Violin -- closeup

The screeching produced by children starting out on the violin has curdled the blood of many a parent over the centuries. A pre-concert talk at the Science Festival asks what science can tell us about why the violin is so hard to play.

Virtuosos will probe the boundaries for the best tone

Jim Woodhouse

It was as a mathematics undergraduate in the early 1970s that Jim Woodhouse came across Cambridge’s amateur violin making workshop. Always a keen ‘maker’ of things, Woodhouse developed a love of crafting string instruments that quickly spilled into his academic life, as he went on to do a PhD at the University in noise and vibration theories - focusing on the violin.

These days a Professor in the Department of Engineering, as well as a self-confessed “bad cellist”, Woodhouse maintains a keen interest in both instrument-making and the science of acoustics, and will be giving a pre-concert talk for the Science Festival at the West Road Concert Hall on Friday 8 March.

The talk will be followed by a virtuoso violin performance from Magdalena Fitzpatrick, accompanied by the Cambridge Graduate Orchestra.

Woodhouse compares violins to guitars.

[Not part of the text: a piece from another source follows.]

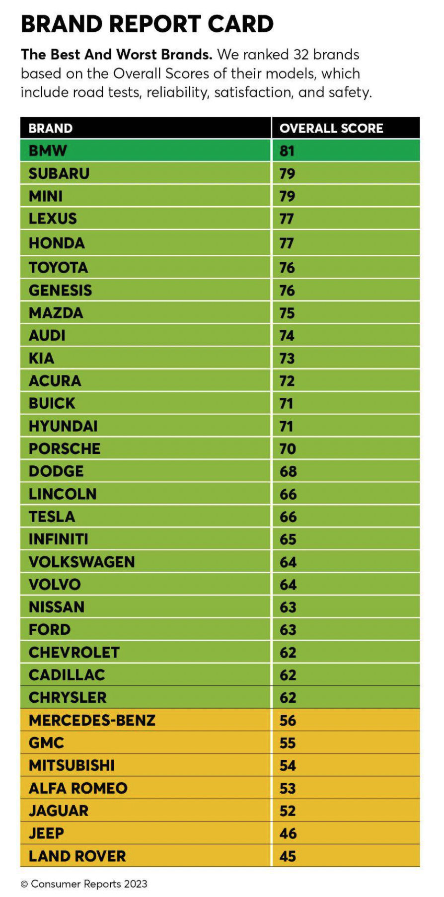 Not for all manufacturers, however. BMW, which was a pioneer in onboard electronics, ranked as the number one brand in Consumer Reports’ 2023 Automotive Report Card Rankings.

Both are essentially wooden boxes with strings, although played in different way, but a note on a guitar, even if wrong, still sounds musical.  “You can do bad things aurally with violins that simply aren’t possible with guitars, a fact painfully obvious to parents of children beginning to learn,” says Woodhouse. “But what is it about ‘bowing a string’ that makes a musical sound that much harder to produce?”

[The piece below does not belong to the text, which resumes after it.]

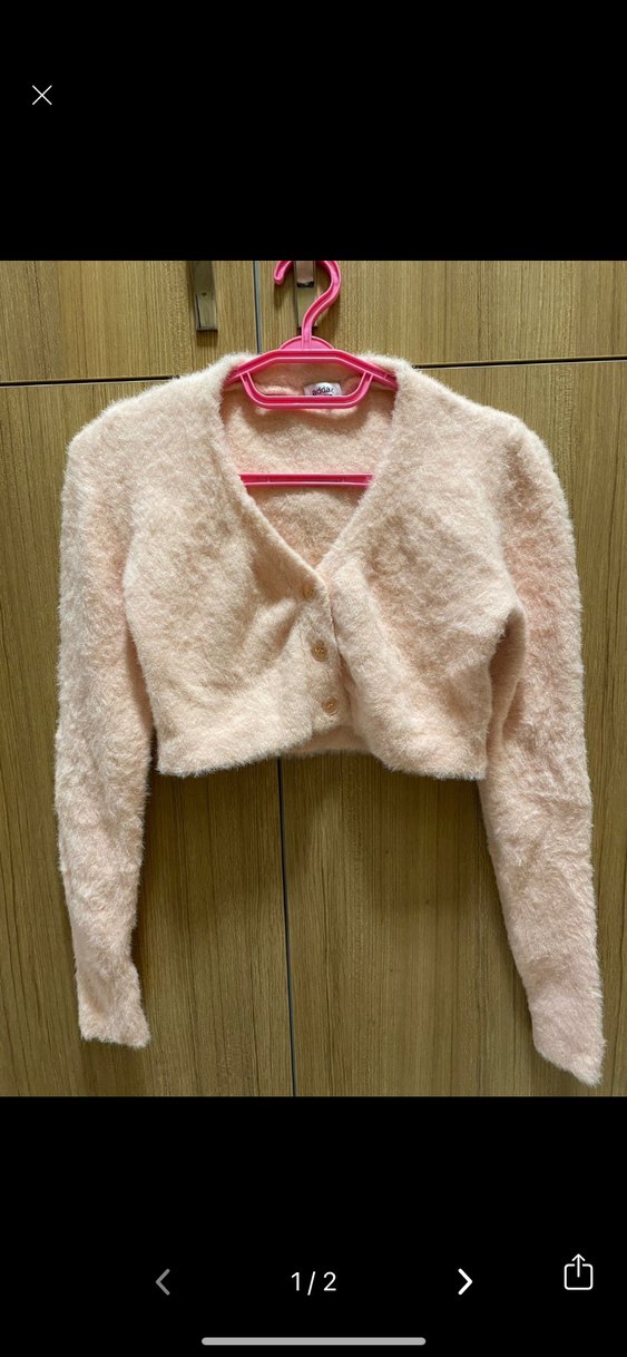 Kızlar için uzun kollu, fitted kesim, pastel pembe renkli yumuşak hırka. Hiç giymedim crop bir hırka

A violin player controls three things: the speed of the bow, the downward force applied, and position of the bow on the string. According to Woodhouse, once you choose speed and position, it is the force that primarily dictates whether the result approaches a musical note or spits out a wince-inducing “graunch” noise.

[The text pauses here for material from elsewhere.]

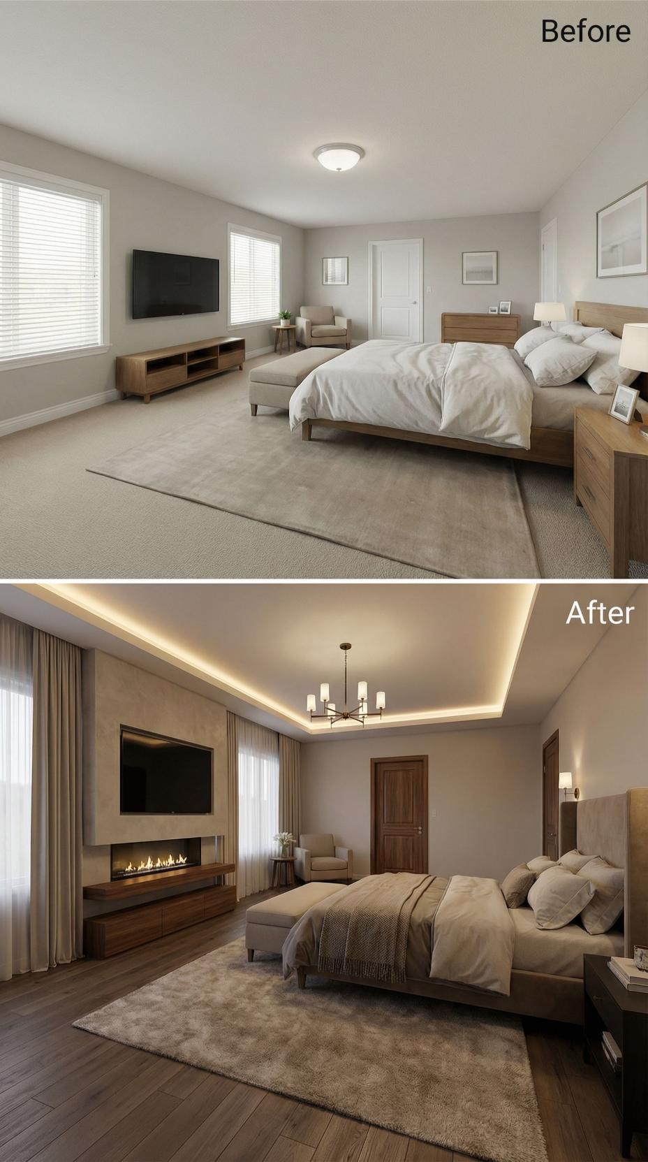 Cove lighting transforms this builder grade bedroom into a sophisticated sanctuary with dramatic architectural interest. Rich walnut built-ins replace basic furniture while a sleek linear fireplace anchors the entertainment wall. Floor-to-ceiling curtains in warm taupe elevate the windows, complemented by layered neutral bedding and a statement modern chandelier that replaces the original flush-mount fixture.

This force-based window of ‘musicality’ grows ever-slimmer as the bow moves up to the bridge, an analysis first plotted in graphical form by former Bell Telephone scientist and pioneer of violin acoustic research John Schelleng in the 1960s.     

“Relatively inexperienced players need to try and learn to be comfortable hovering in the middle of this space, staying away from the minimum and maximum, but virtuosos will probe the boundaries for the best tone,” says Woodhouse.

“These factors feed into the idea of ‘playability’ of specific instruments,” says Woodhouse. Some violins are a great deal more valuable than others, but why is this?

“One aspect is ‘beauty of sound’, which is difficult to address in scientific terms as it comes down to peoples’ perceptions. But ease of playing is also a major factor. Whether an instrument is more accommodating in terms of the Schelleng model is one facet of that, and one that lends itself more easily to scientific investigation.”

Issues of playability have been the subject of increasingly sophisticated mathematical modelling, enabling computer simulations to show how strings on particular violins will respond to certain bow gestures. These techniques are increasingly used to explore design questions, but also in accurate electronic instruments - the virtual violin.

But for Woodhouse, nothing can replace a finely crafted instrument, and the evening class he took forty-odd years ago has gone from strength to strength - the Cambridge Violin Makers still run one of the country’s top violin crafting workshops and summer schools. 

“I still love to work on musical acoustics from time to time. In fact, I’ve got a current violin PhD student at the moment, and it’s always popular with undergraduates as well as a great outreach subject.”